The idea is to bound the two expressions tightly in terms of each other: $$ \sum_{k=-\infty}^{+\infty} 2^k m(F_k) \leqslant \sum_{k=-\infty}^{+\infty} 2^k m(E_k) \leqslant 2 \cdot\sum_{k=-\infty}^{+\infty} 2^k m(F_k) . $$ Once this is established, it is obvious that either summation converges if and only if the other does,

The left half of the inequality is obvious since $F_k \subseteq E_k$, so we prove only the right half.

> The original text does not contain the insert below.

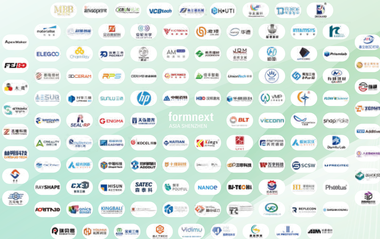
(部分名单，排名不分先后)

$$ \begin{align*} \sum_{k=-\infty}^{+\infty} 2^k m(E_k) &\leqslant \sum_{k=-\infty}^{+\infty} 2^k \left( \sum_{j=k}^{\infty} m(F_j) \right) \\ &= \sum_{j= -\infty}^{\infty} m(F_j) \left( \sum_{k=-\infty}^{j} 2^k \right) \\ &= \sum_{j= -\infty}^{\infty} 2^j m(F_j) \left( \sum_{k=-\infty}^{0} 2^k \right) \\ &= \sum_{j= -\infty}^{\infty} 2^j m(F_j) \cdot 2. \end{align*} $$ Here the interchange of summations is justified because all terms are nonnegative.